The ICD-10 code M75.4 refers to shoulder impingement syndrome, also called subacromial impingement syndrome. It describes a condition in which the soft tissues of the shoulder – particularly the tendons of the rotator cuff and the subacromial bursa (a fluid-filled sac) – become compressed or pinched beneath the roof of the shoulder joint (the acromion). This leads to irritation, inflammation, and pain. It is one of the most common causes of shoulder pain in adults.

Causes

Shoulder impingement syndrome can develop due to various mechanical and biological factors:

  • Anatomical factors: A hooked or curved acromion, bone spurs (osteophytes), or calcium deposits in the tendons
  • Functional factors: Muscle imbalances around the shoulder, poor posture, or repetitive overhead activities (e.g., swimming, tennis, painting)
  • Degenerative changes: Age-related wear and tear of the tendons and joint structures
  • Traumatic causes: Previous shoulder injuries or falls

Symptoms

Common symptoms of M75.4 include:

  • Pain on the outer side of the shoulder, often radiating down the upper arm
  • Pain when raising the arm, especially between 60° and 120° of elevation (the so-called painful arc)
  • Night pain, particularly when lying on the affected side
  • Weakness and limited range of motion in the shoulder
  • Discomfort during overhead tasks or activities

Diagnosis

Diagnosis is based on a clinical examination and imaging investigations:

  • Clinical tests: The Neer sign, Hawkins-Kennedy test, and painful arc are standard provocation tests used in physical examination
  • X-ray: Assessment of bony structures and calcifications
  • Ultrasound: Visualization of tendons and the bursa
  • MRI (Magnetic Resonance Imaging): Detailed evaluation of the rotator cuff and surrounding structures

Treatment

Conservative Treatment

The majority of patients with shoulder impingement syndrome are treated conservatively:

  • Physiotherapy: Strengthening of the rotator cuff muscles, posture correction, and range-of-motion exercises
  • Pain management: Nonsteroidal anti-inflammatory drugs (NSAIDs) to relieve pain and reduce inflammation
  • Corticosteroid injections: Subacromial injections for severe or persistent symptoms
  • Activity modification: Avoiding painful movements and overhead activities during recovery
  • Extracorporeal shockwave therapy (ESWT): Particularly useful in cases with calcium deposits

Surgical Treatment

If conservative management fails after several months, surgical intervention may be considered:

  • Subacromial decompression: Arthroscopic widening of the subacromial space by removing bone or bursal tissue
  • Rotator cuff repair: If a concomitant tendon tear is present

Prognosis

Most patients recover well with appropriate treatment.
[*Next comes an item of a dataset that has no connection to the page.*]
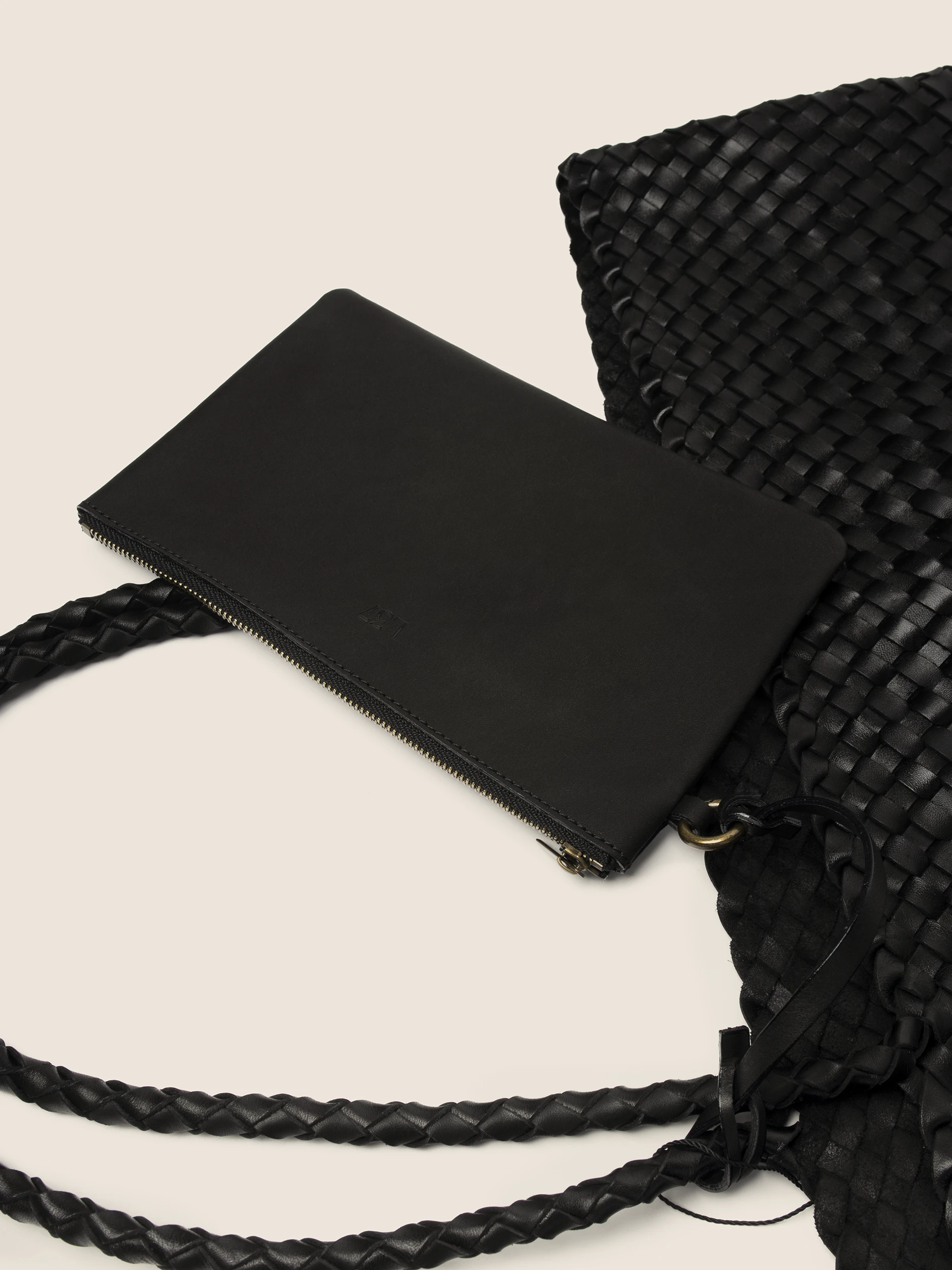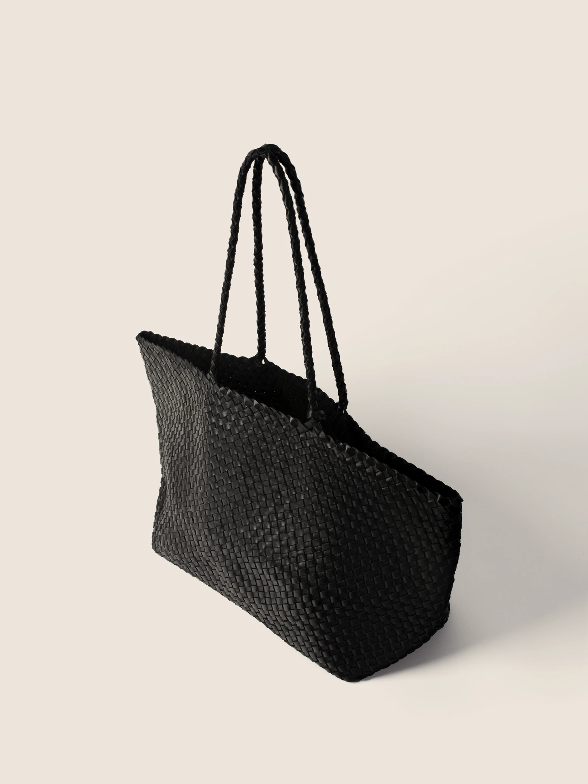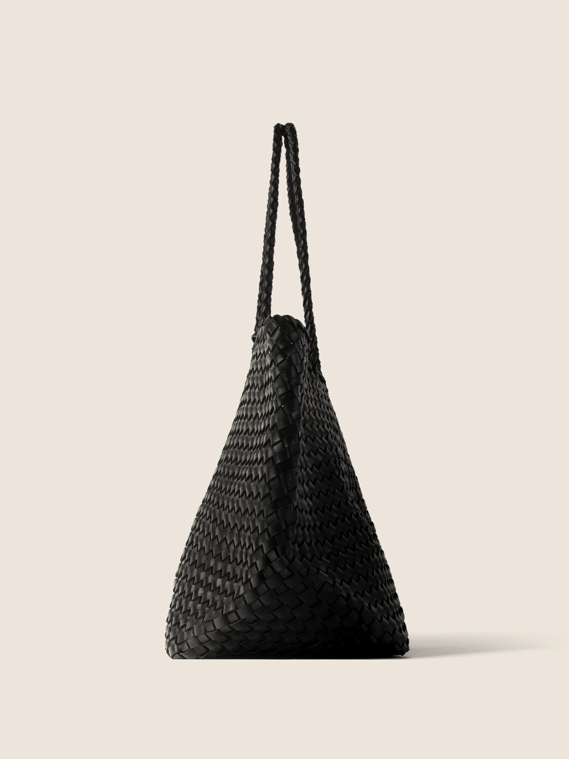 • Braided Handles: Long, braided black handles with a braid structure allow for comfortable carrying of the bag on the shoulder, providing stability and comfort.

Early diagnosis and consistent physiotherapy are key to a successful outcome. Recurrence can be minimized through targeted muscle training and ergonomic adjustments at work and during sport.

References

  1. World Health Organization (WHO): ICD-10 Classification of Diseases, Version 2019 – Code M75.4 Impingement syndrome of shoulder.
  2. Diercks R et al. – Guideline for diagnosis and treatment of subacromial pain syndrome. Acta Orthopaedica, 2014; 85(3): 314–322.
  3. Koester MC, George MS, Kuhn JE – Shoulder impingement syndrome. American Journal of Medicine, 2005; 118(5): 452–455.